• _Task to complete_
Word for word, output the data, with none of its pictures.

• _Source material_
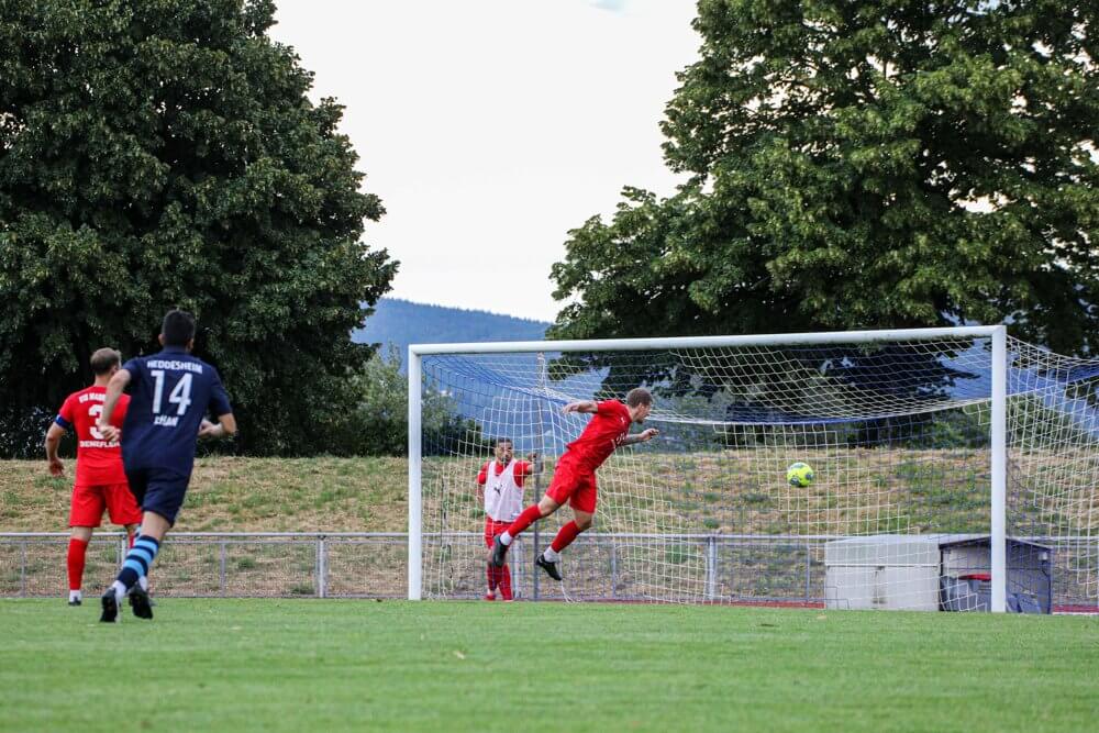 Der Oberligaaufsteiger kam besser in diese Partie hinein. Schon in der 3. Minute tauchte ein VfR-Akteur im Strafraum frei vor Torhüter Dennis Broll auf, wurde aber noch geblockt. Das 0:1 zu einfach in Minute 14, als sich die Rasenspieler mit vier schönen Ballpassagen vor das Tor der Heddesheimer spielten und Marcel Titsch Rivero zum 0:1 traf.
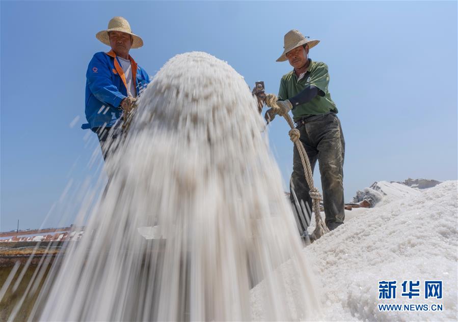 7月9日,唐山市曹妃甸區(qū)南堡鹽場的工人將收獲的春鹽裝船。在我國長蘆鹽區(qū)海鹽生產(chǎn)基地之一的河北省唐山市曹妃甸區(qū)南堡鹽場,一年一度的春鹽收獲工作即將結(jié)束,今年南堡鹽場的春鹽產(chǎn)量預(yù)計可達72萬噸。新華社記者楊世堯攝
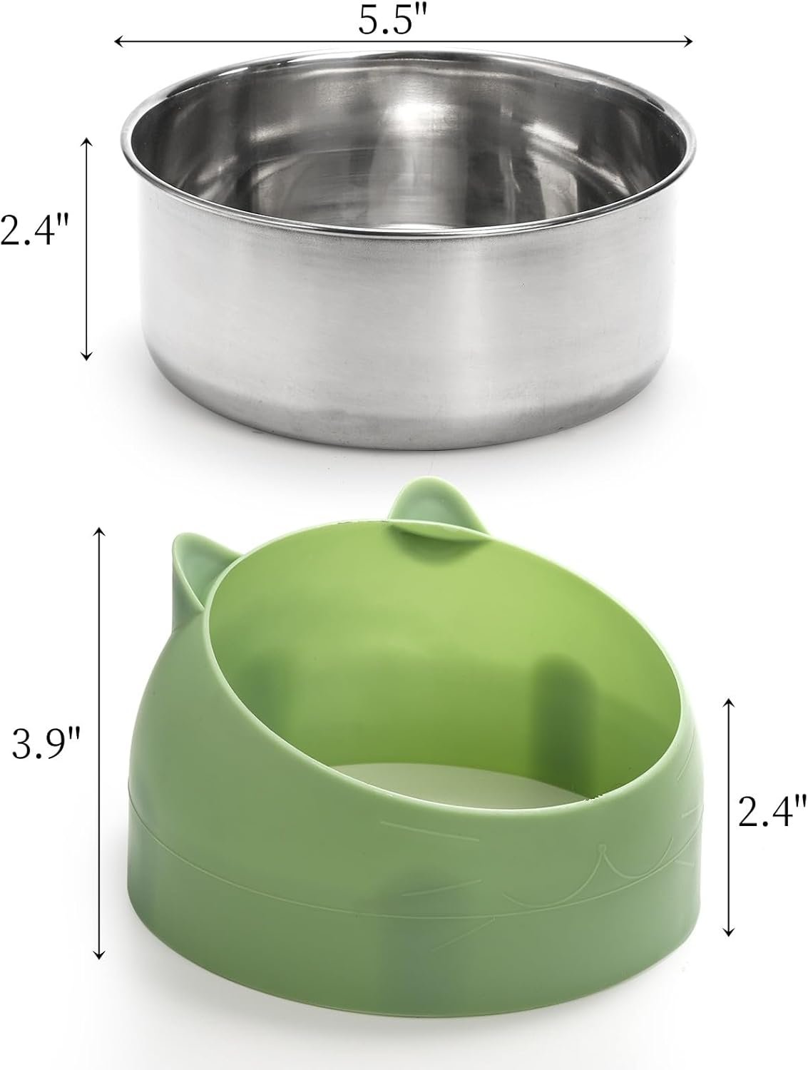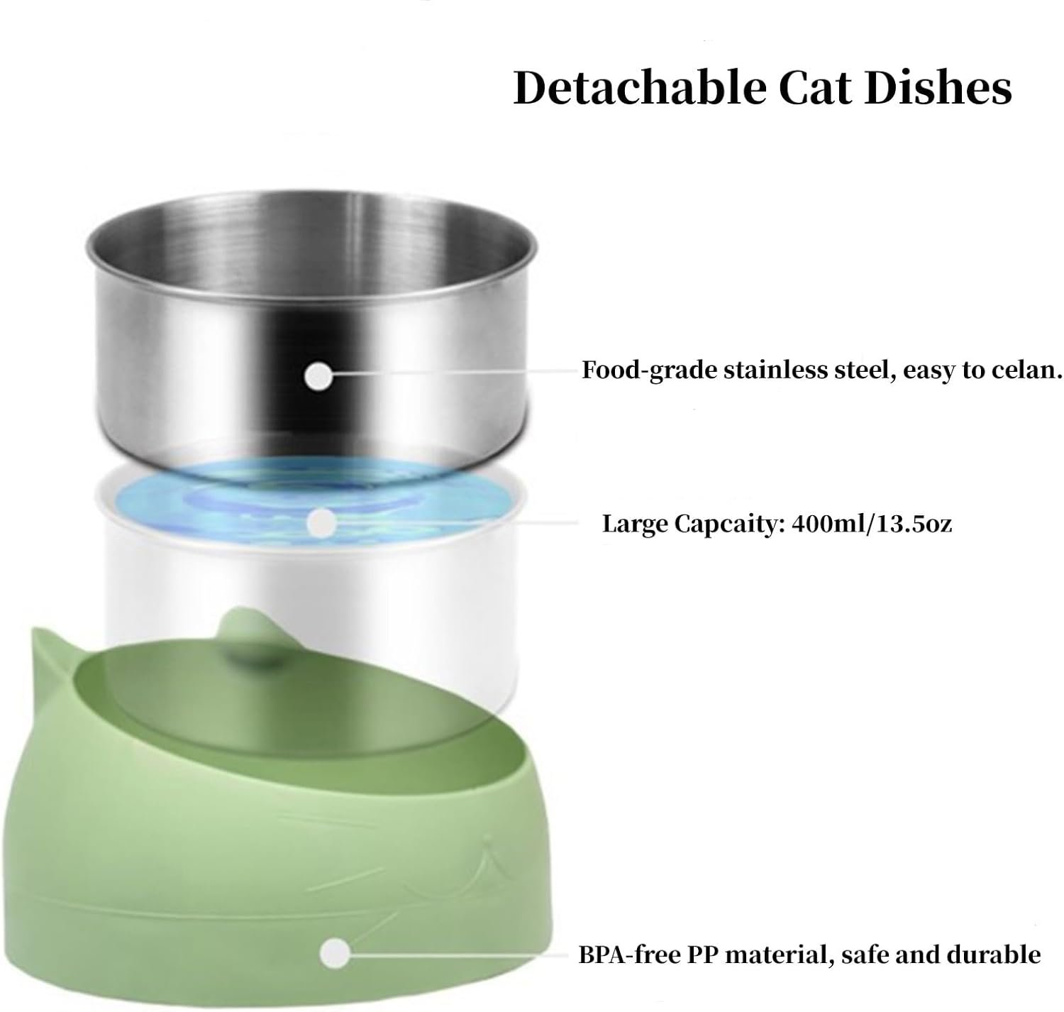 Detachable Cat Dishes: The raised cat food bowls have a detachable design to separate the stainless steel bowl and base, easy to wash.

• _Written reply_
 Der Oberligaaufsteiger kam besser in diese Partie hinein. Schon in der 3. Minute tauchte ein VfR-Akteur im Strafraum frei vor Torhüter Dennis Broll auf, wurde aber noch geblockt. Das 0:1 zu einfach in Minute 14, als sich die Rasenspieler mit vier schönen Ballpassagen vor das Tor der Heddesheimer spielten und Marcel Titsch Rivero zum 0:1 traf.
 7月9日,唐山市曹妃甸區(qū)南堡鹽場的工人將收獲的春鹽裝船。在我國長蘆鹽區(qū)海鹽生產(chǎn)基地之一的河北省唐山市曹妃甸區(qū)南堡鹽場,一年一度的春鹽收獲工作即將結(jié)束,今年南堡鹽場的春鹽產(chǎn)量預(yù)計可達72萬噸。新華社記者楊世堯攝
 Detachable Cat Dishes: The raised cat food bowls have a detachable design to separate the stainless steel bowl and base, easy to wash.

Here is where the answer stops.